Most of the refugees, however, have fled on foot and by boat over the border to the nearby Cox's Bazar area in Bangladesh, where 28,000 are registered as refugees and restricted to official camps in Kutupalong and Naya Para.
The Kutupalong refugee camp is well-equipped with medical facilities, a computer learning center, volleyball courts and generators.
However, at least 200,000 other Rohingya here have not been given refugee status by Bangladesh and live under constant threat of being arrested or sent back home. Some work as day laborers or rickshaw pullers at Cox's Bazar.
Authorities fear that if they grant full rights to everyone, it will encourage even more Rohingya to come to Bangladesh, which is already overwhelmed with its own impoverished and malnourished population.
"We are a poor country, we cannot afford this for long," said Gias Uddin Ahmed, the chief administrator of the district.
Begum and her family fled with about 2,500 others seven months ago amid unrelenting attacks by their Buddhist neighbors, who eventually took their land in Myanmar's northwestern Rakhine state.
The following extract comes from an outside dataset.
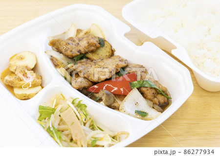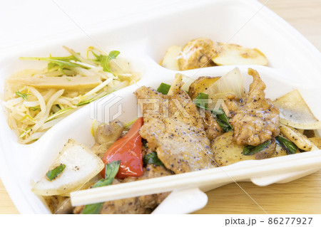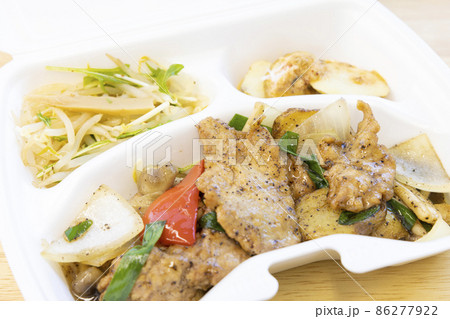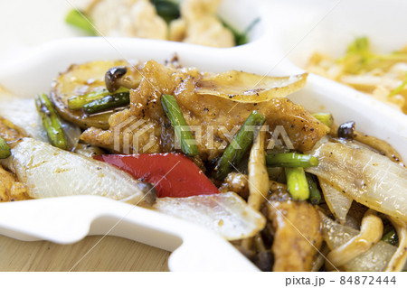 美味しいテイクアウトの豚肉と野菜の炒め物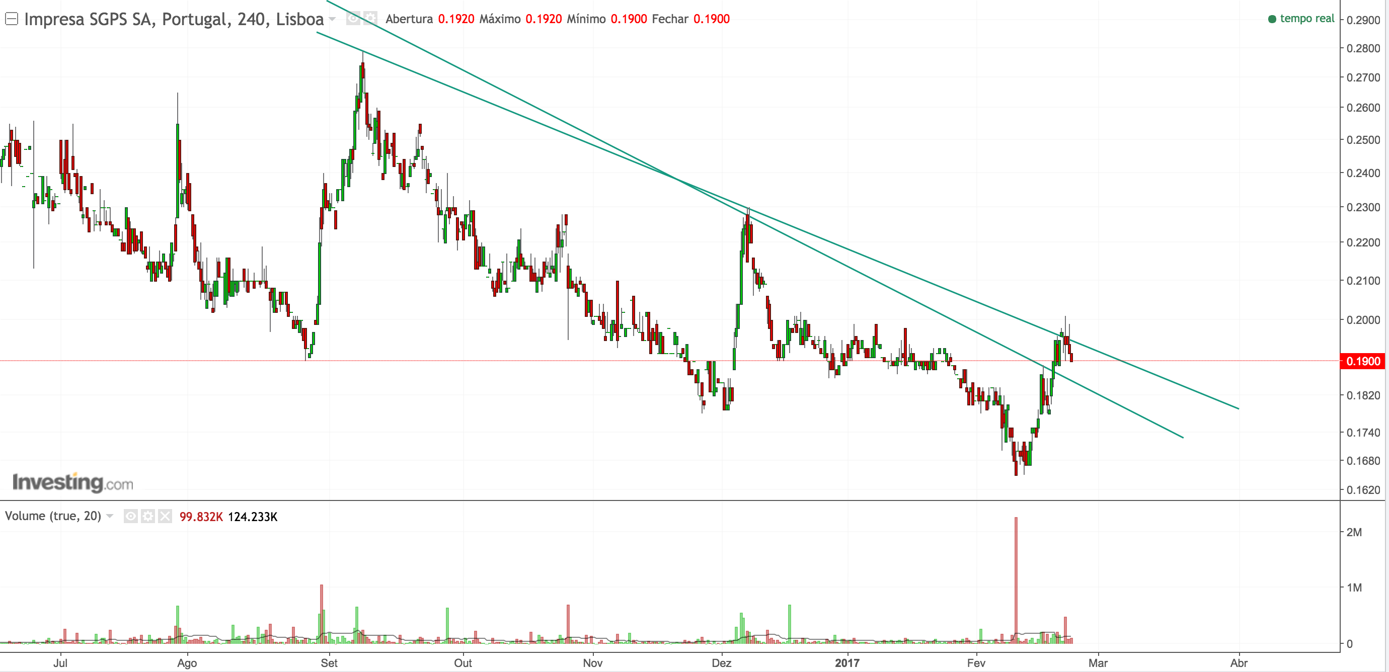 Terá de fechar acima de 0.18 com volume para acreditar que vai a 0.20. O problema é perceber quando é que a Impresa dá lucro! Será no próximo trimestre? E, se não fossem as telenovelas a SIC teria um futuro ainda mais negro. As telenovelas é que parecem estar para lavar e durar apesar da forte concorrência da Tvi. E o Expresso que ainda vende. A Visão é para esquecer, quem compra uma revista acima de 3 euros que tem o conteúdo todo on line grátis durante a semana seguinte? A Visão e a Sábado ou mudam ou ficam todas na prateleira. Talvez a CGD, agora que é pública, salve a SIC de problemas maiores. Sim porque aquela dívida só com uma boa reestruturação se aguentará.

They left at night and bribed Bangladeshi border guards to let them enter and travel to the shantytown near the refugee camp in Kutupalong.
Her husband, 35-year-old Jamir Hossain, found work as a day laborer in the shantytowns that have sprung up near the Kutupalong camp, but police arrested him last month in a roundup of undocumented Rohingya.
With no money, Begum begs for rice from nearby villages to feed her four sons and a daughter.
"It's now afternoon, but I haven't been able to give any food to my kids," she said.
M. Sakhawat Hossain, the police chief in Cox's Bazar, said Bangladeshi villagers have accused the Rohingya of a wave of robberies across the coastal region and pressured the government to take action.
In the ensuing crackdown, 136 undocumented Rohingya were in custody on charges of illegally entering Bangladesh or engaging in criminal activities, he said.
"What we did is for maintaining law and order over reported crimes," he said. "Should not we do that?"